::: Records for the exercise :::

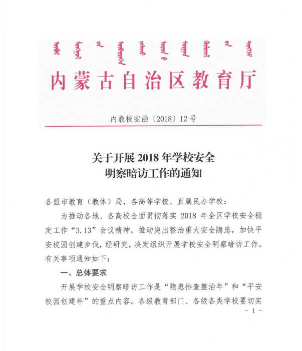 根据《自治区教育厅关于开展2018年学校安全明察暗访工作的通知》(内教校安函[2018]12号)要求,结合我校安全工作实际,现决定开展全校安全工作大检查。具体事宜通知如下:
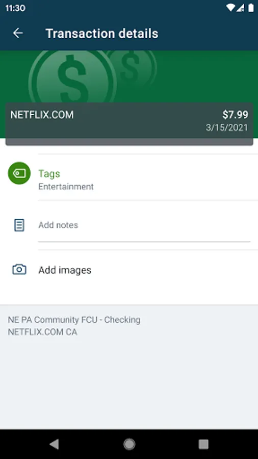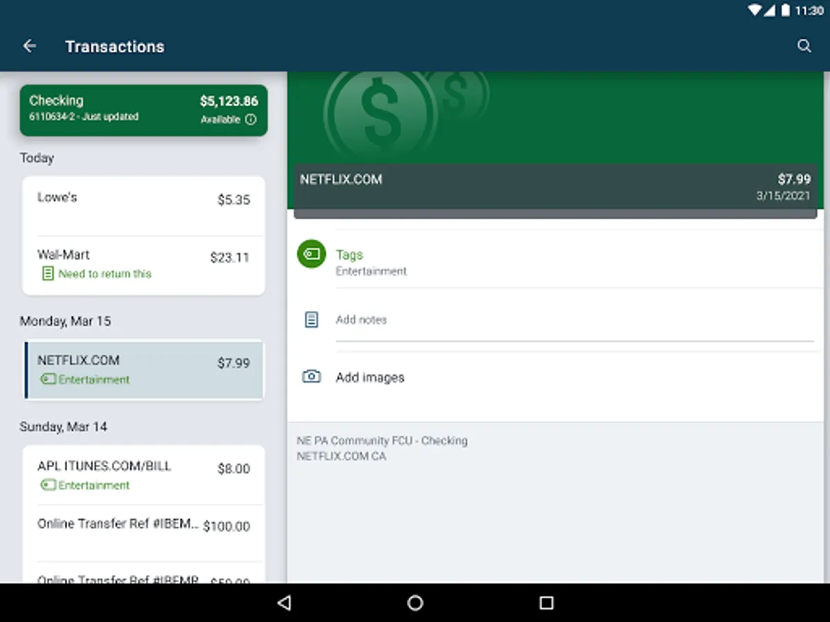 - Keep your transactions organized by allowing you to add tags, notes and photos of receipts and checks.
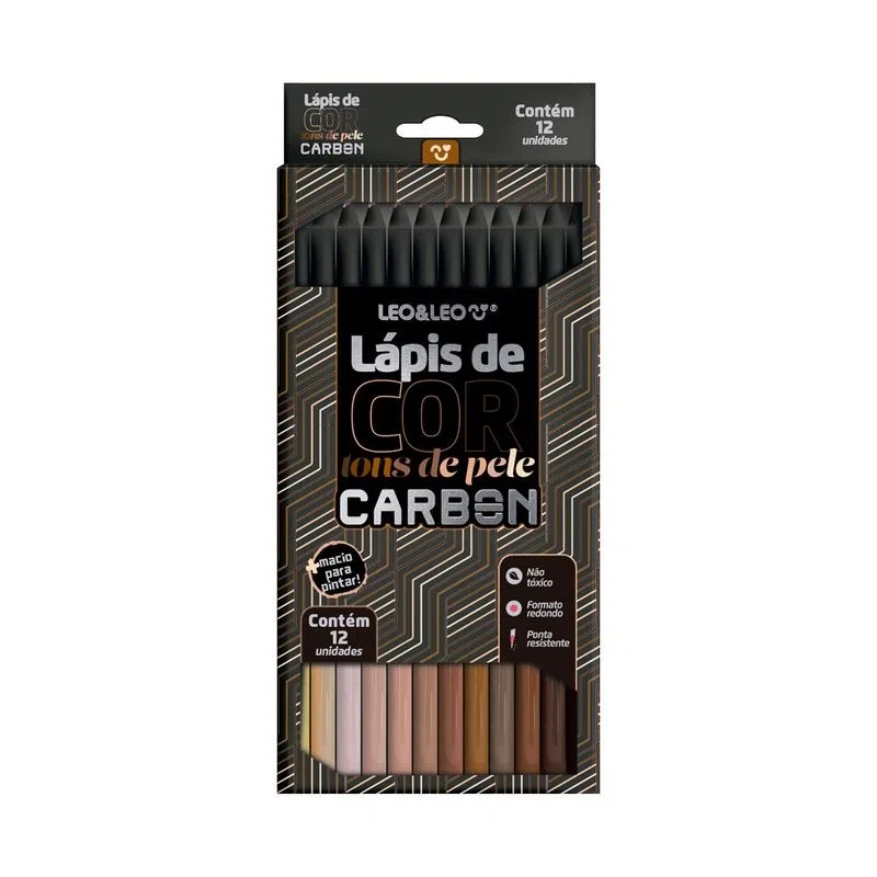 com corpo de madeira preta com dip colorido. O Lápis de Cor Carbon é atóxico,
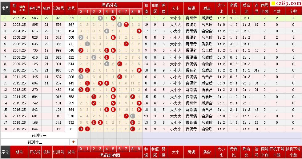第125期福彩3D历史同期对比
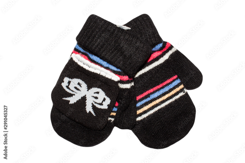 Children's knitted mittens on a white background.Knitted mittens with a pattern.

:::

All lines from the line with "- Keep your" through the final line of the data, both included, are to be repeated exactly; no other lines and no pictures.

* **Answer box**
 - Keep your transactions organized by allowing you to add tags, notes and photos of receipts and checks.
 com corpo de madeira preta com dip colorido. O Lápis de Cor Carbon é atóxico,
第125期福彩3D历史同期对比
 Children's knitted mittens on a white background.Knitted mittens with a pattern.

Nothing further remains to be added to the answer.